*Exercise*:
Copy out the data exactly as it appears, without a single image.

*Collection entries*:
== Segment start ==
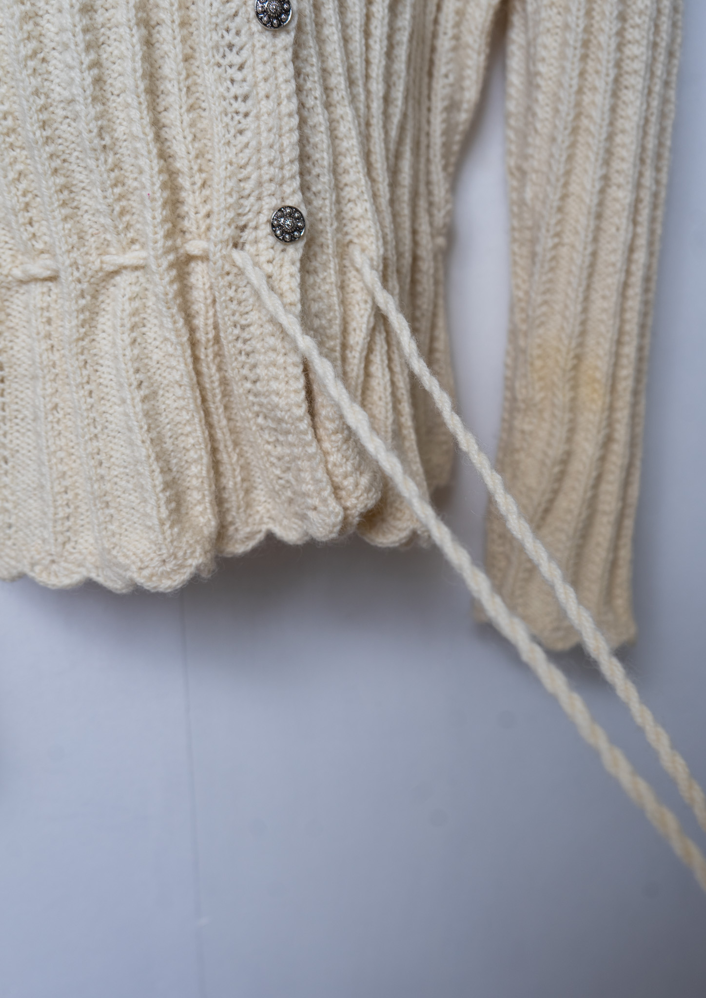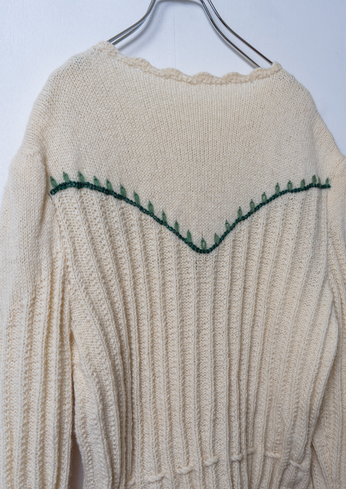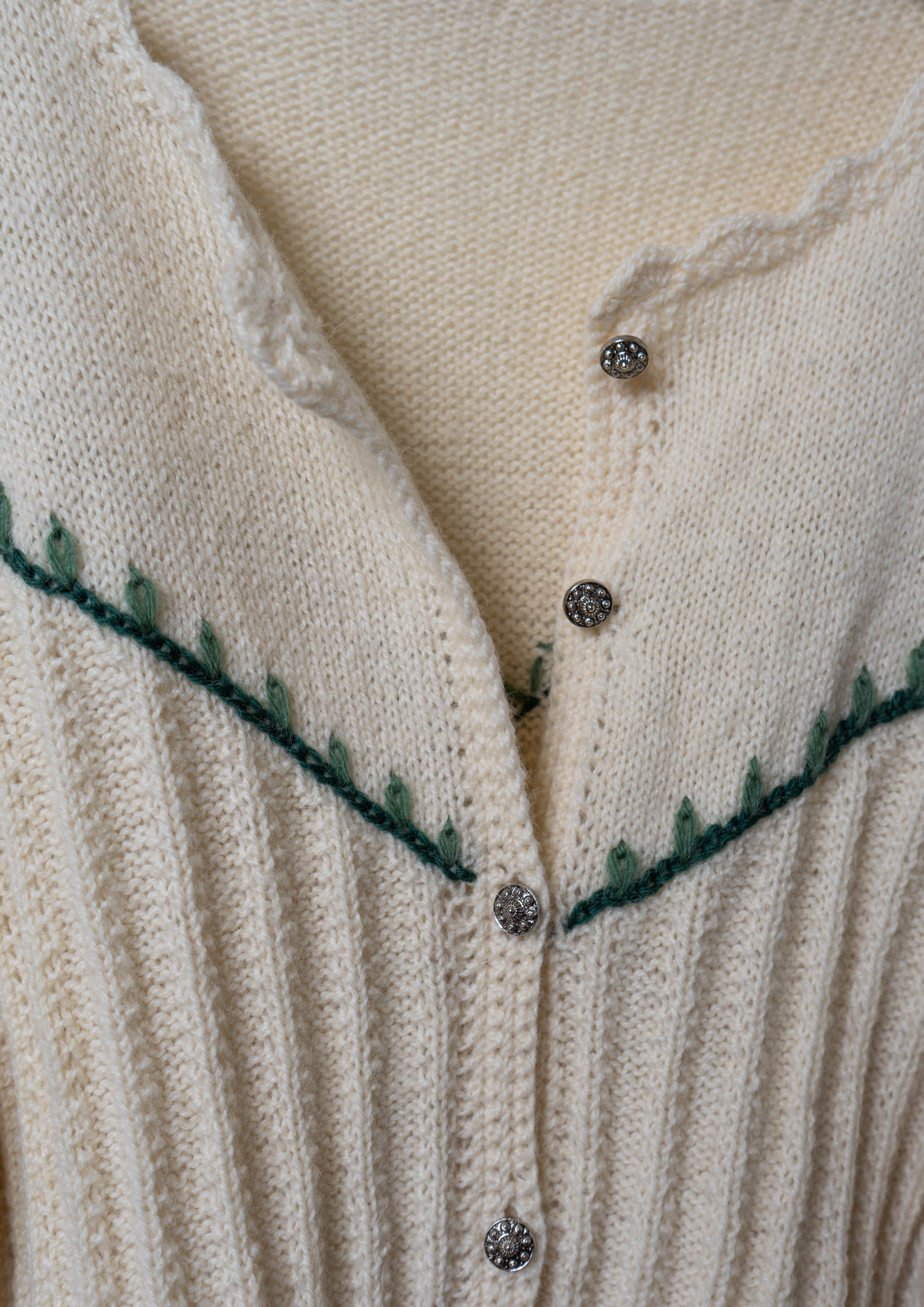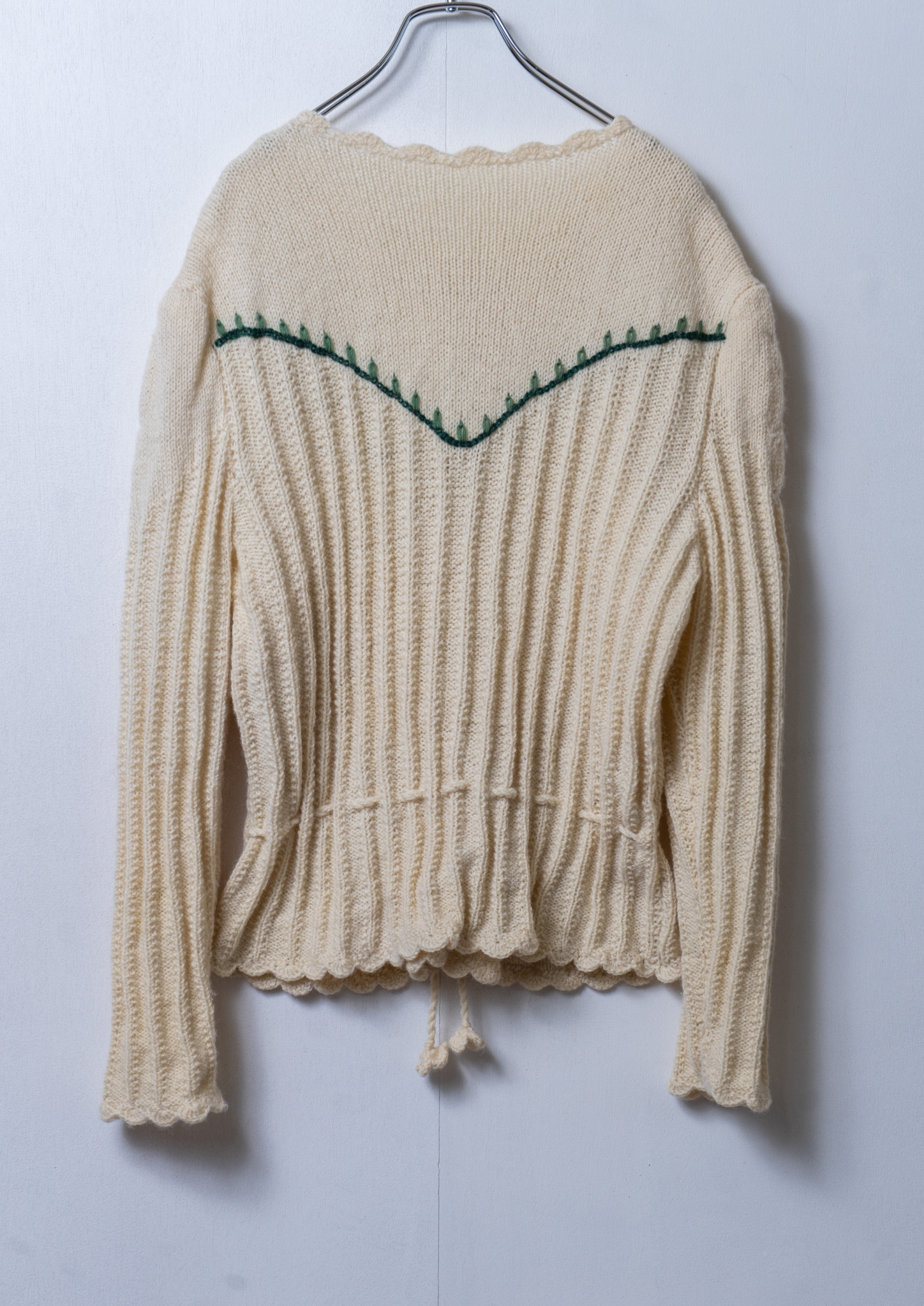 Leaf Embroidery × Waist Ribbon Design Off-White Tyrol Cardigan
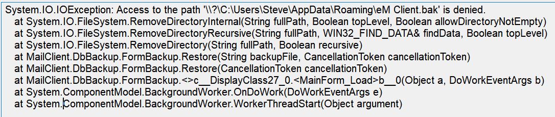 From the error it’s saying your Access to path eM Client hidden folder .back file etc is denied.
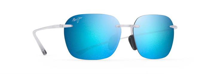 Frame: Crystal Matte Lens: Blue Hawaii - Our blue mirror coating provides a stylish new look that offers the same amazing color enhancement and clarity as all other Maui Jim lenses. Lens Material: MauiPure LT - MauiPure LT is lighter and 27% thinner, and delivers optics nearly as clear as SuperThin Glass with exceptional impact and scratch resistance. Available exclusively in select styles that have been engineered for ultimate weight reduction, performance, and flexibility. Not available in prescription SKU: B446-05CM Lens Details | Fit: (eye) 50, (bridge) 12 (temple) 136, 6-base curve | Maui Jim Komohana Rimless Sunglasses - Crystal Matte Frames with Blue Hawaii Lenses
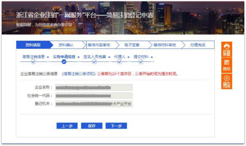 10 信息录入完毕后点击下一步进入确认信息页面,确认信息无误后点击提交。 全部注销信息填报完成后,系统提示企业申请信息将同步推送至各相关部门,后续可在平台查看办理进度。
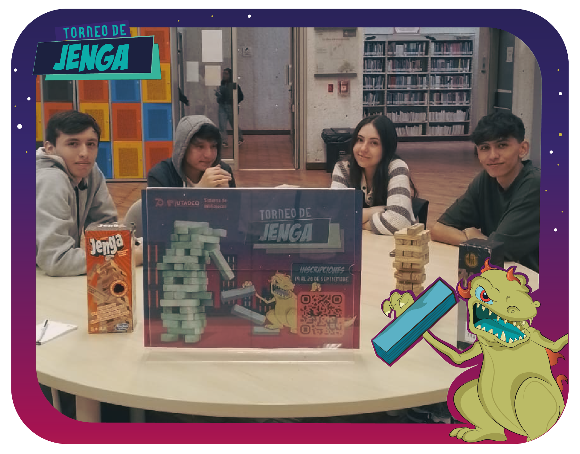 En el primer Torneo de Jenga de la Biblioteca Utadeo, dirigido a la comunidad Tadeísta —que incluye estudiantes, egresados, administrativos y docentes— buscamos fomentar la integración y el trabajo en equipo. El evento tuvo como objetivo desarrollar diversas habilidades mientras se disfrutaba de momentos de esparcimiento y conexión entre los participantes. Durante cuatro días, los asistentes se enfrentaron a emocionantes desafíos, demostrando su destreza y compromiso. Este torneo no solo promovió el fortalecimiento de competencias, sino que también contribuyó a consolidar los lazos dentro de la comunidad Tadeísta. ¡Gracias a todos los que participaron y hicieron de este evento un éxito! |
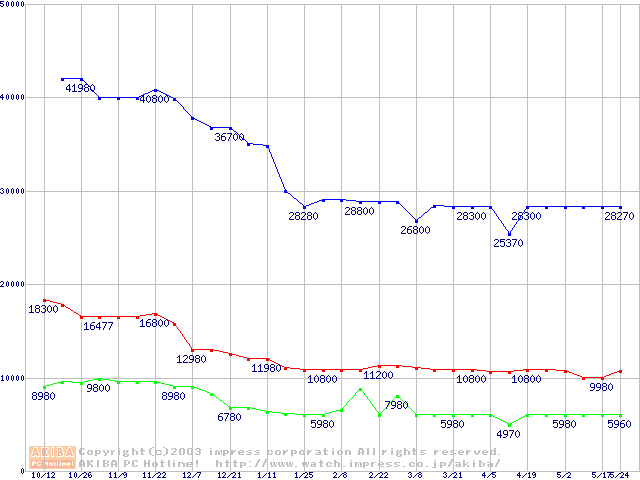 | [↓次グラフ]: | PC1066 DRDRAM RIMM4200(32bit)の最安値推移 |
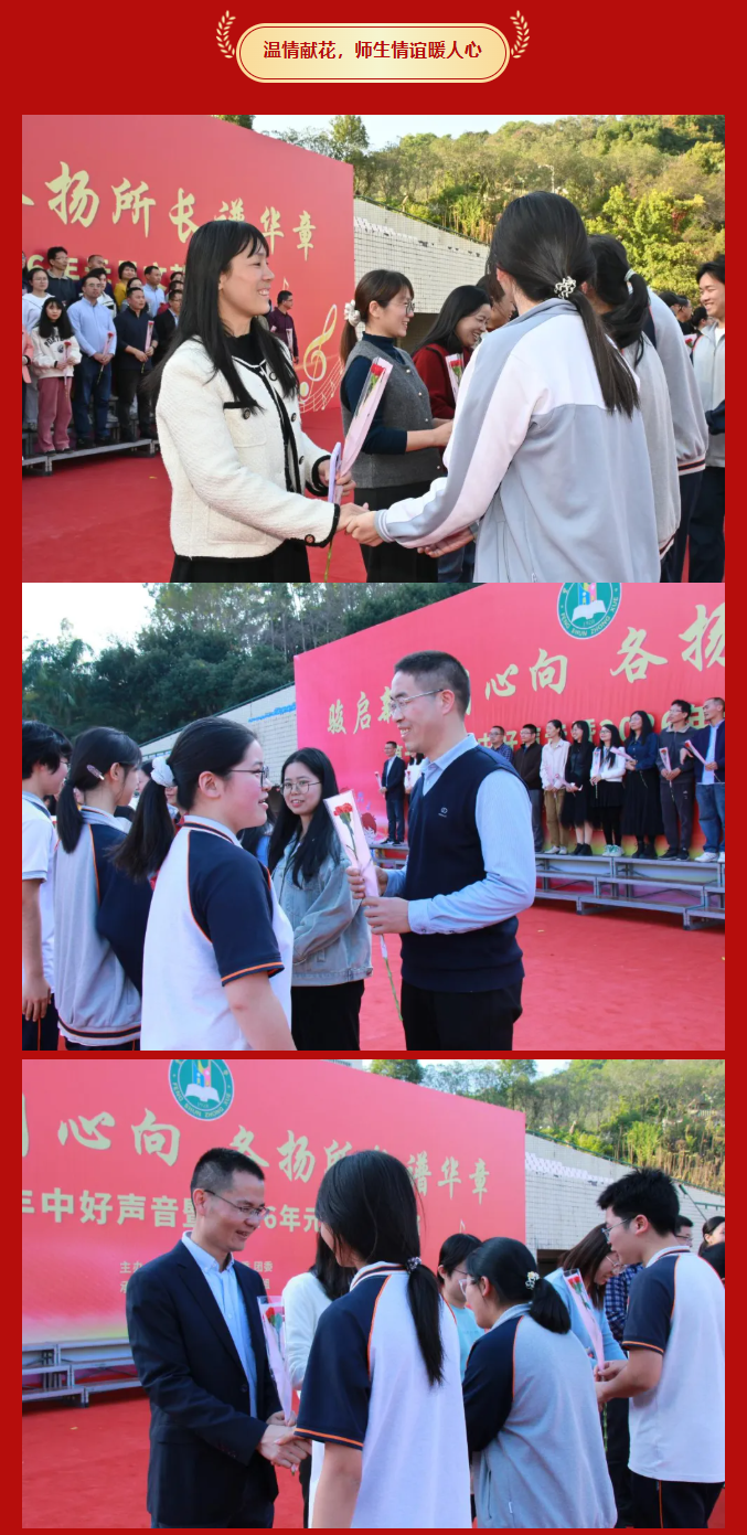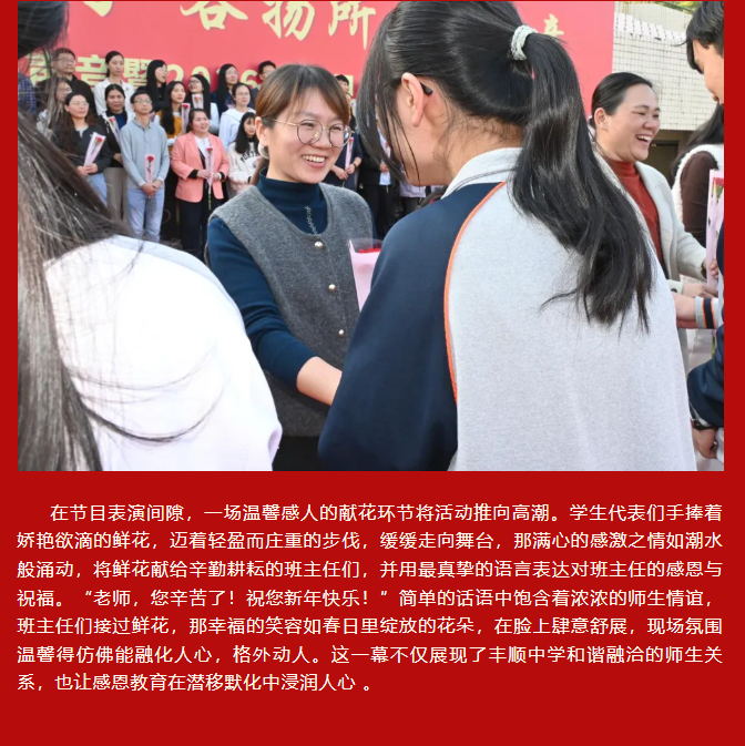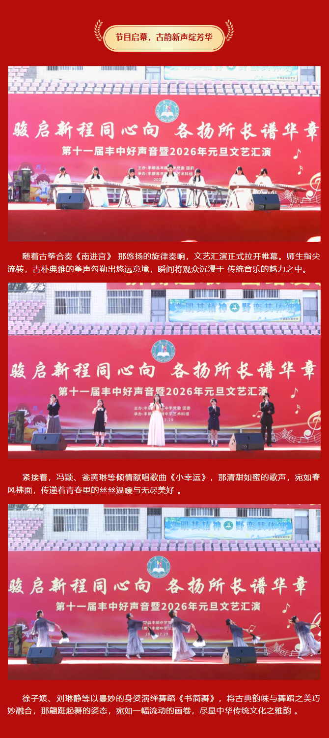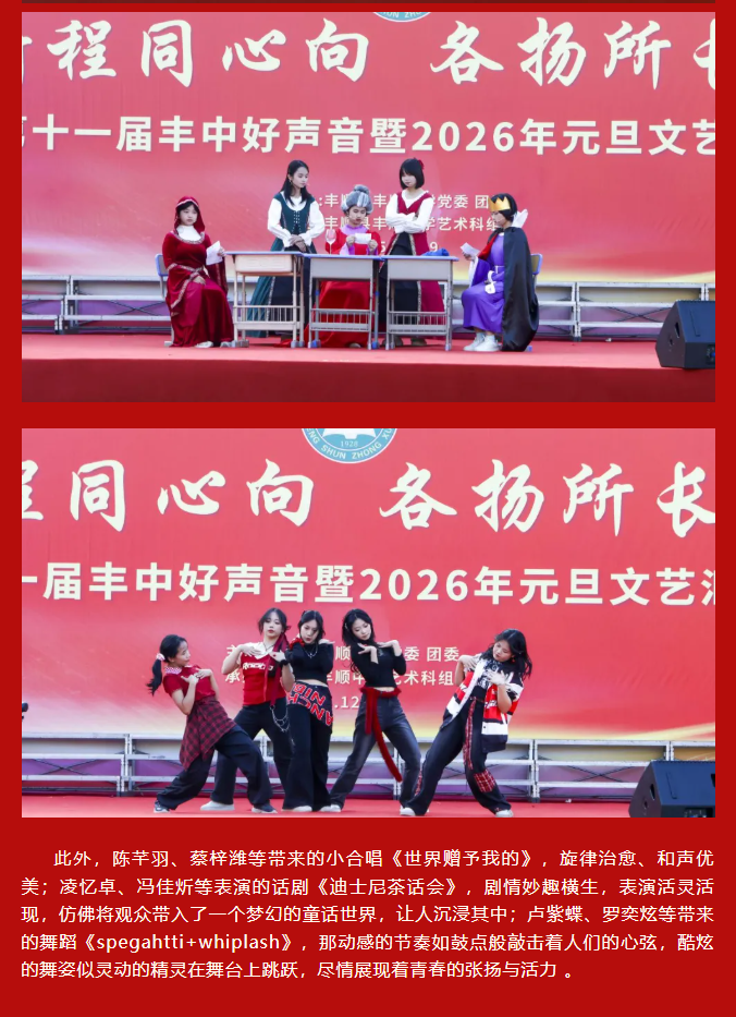 律回春晖渐,万象焕新颜。值此2026年元旦即将到来之际,为凝聚师生同心之力,展现丰中学子昂扬之姿,丰顺中学“骏启新程同心向,各扬所长谱华章——第十一届丰中好声音暨2026年元旦文艺汇演”于学校运动场隆重举行。 丰顺中学党委书记徐文丰、校长张万春携学校班子成员、行政人员等,与全校师生齐聚运动场。蔡贤印、罗宝兒、陈瑞曦、张子柔四位主持人联袂登场,在异彩纷呈的节目中辞旧迎新,共赴这场青春洋溢的文艺盛宴 。
== Segment end ==
*Task solution*:
 Leaf Embroidery × Waist Ribbon Design Off-White Tyrol Cardigan
 From the error it’s saying your Access to path eM Client hidden folder .back file etc is denied.
 Frame: Crystal Matte Lens: Blue Hawaii - Our blue mirror coating provides a stylish new look that offers the same amazing color enhancement and clarity as all other Maui Jim lenses. Lens Material: MauiPure LT - MauiPure LT is lighter and 27% thinner, and delivers optics nearly as clear as SuperThin Glass with exceptional impact and scratch resistance. Available exclusively in select styles that have been engineered for ultimate weight reduction, performance, and flexibility. Not available in prescription SKU: B446-05CM Lens Details | Fit: (eye) 50, (bridge) 12 (temple) 136, 6-base curve | Maui Jim Komohana Rimless Sunglasses - Crystal Matte Frames with Blue Hawaii Lenses
 10 信息录入完毕后点击下一步进入确认信息页面,确认信息无误后点击提交。 全部注销信息填报完成后,系统提示企业申请信息将同步推送至各相关部门,后续可在平台查看办理进度。
 En el primer Torneo de Jenga de la Biblioteca Utadeo, dirigido a la comunidad Tadeísta —que incluye estudiantes, egresados, administrativos y docentes— buscamos fomentar la integración y el trabajo en equipo. El evento tuvo como objetivo desarrollar diversas habilidades mientras se disfrutaba de momentos de esparcimiento y conexión entre los participantes. Durante cuatro días, los asistentes se enfrentaron a emocionantes desafíos, demostrando su destreza y compromiso. Este torneo no solo promovió el fortalecimiento de competencias, sino que también contribuyó a consolidar los lazos dentro de la comunidad Tadeísta. ¡Gracias a todos los que participaron y hicieron de este evento un éxito! |
 | [↓次グラフ]: | PC1066 DRDRAM RIMM4200(32bit)の最安値推移 |
 律回春晖渐,万象焕新颜。值此2026年元旦即将到来之际,为凝聚师生同心之力,展现丰中学子昂扬之姿,丰顺中学“骏启新程同心向,各扬所长谱华章——第十一届丰中好声音暨2026年元旦文艺汇演”于学校运动场隆重举行。 丰顺中学党委书记徐文丰、校长张万春携学校班子成员、行政人员等,与全校师生齐聚运动场。蔡贤印、罗宝兒、陈瑞曦、张子柔四位主持人联袂登场,在异彩纷呈的节目中辞旧迎新,共赴这场青春洋溢的文艺盛宴 。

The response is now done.